A member of the team will follow up soon. Meanwhile, you might want to check if there are known issues with the query ranges in the logs system or consider adjusting the query timeouts/configurations.

moxious commented 3 months ago

Elaboration:

Thank you for the detailed report, however, to effectively address your timeouts with the LOKI 3.0 system there are several more pieces of information that would be helpful. Could you please provide the following details to assist in troubleshooting your issue further?

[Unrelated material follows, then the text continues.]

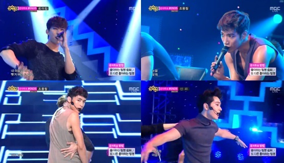 2PM은 25일 오후 방송된 MBC 가요프로그램 '음악중심'에서 의자를 이용한 퍼포먼스, 셀프스킨십 댄스로 남성미를 뽐냈다.

  1. Grafana, OS, and Browser Versions:

    • You've mentioned that Grafana 10.0+ worked previously, can you confirm the current version of Grafana you're using?
    • What is the operating system and its version where the LOKI and Grafana are deployed?
    • Which browser and which version of it are you using when you encounter these issues?
  2. Reproduction Steps:

    • You've left the reproduction steps blank. Can you provide step-by-step instructions on how to reproduce this issue?
  3. Error Messages and Logs:

    • Can you provide server-side logs from LOKI around the time when the timeout occurs?
    • Are there any proxy or network logs available that could provide insights into the communication between Grafaleft emptyft and LOKI?
  4. Dashboard Panel Issues:

    • It appears the timeout error screenshot links may be broken. Can you confirm they are correct or re-upload the images?
    • Can you tell us if there are any particular dashboard panels that consistently show the time-out issue, or if this occurs in different panels?
  5. Resource Usage Metrics:

    • What are the CPU and memory resource usage for the LOKI service during the occurrence of timeout issues?
  6. Configuration Detail Validation:

    • It is important to validate if the configurations are correctly applied. Can you verify that the loki.yaml and promtail.yaml configurations you posted are indeed the ones being used by the services?
  7. Query Patterns:

    • Are there specific queries or patterns you've noticed that tend to cause these timeouts more frequently than others?

Once you provide this additional information, it will be much easier to investigate the problems you're facing more thoroughly and offer potential solutions.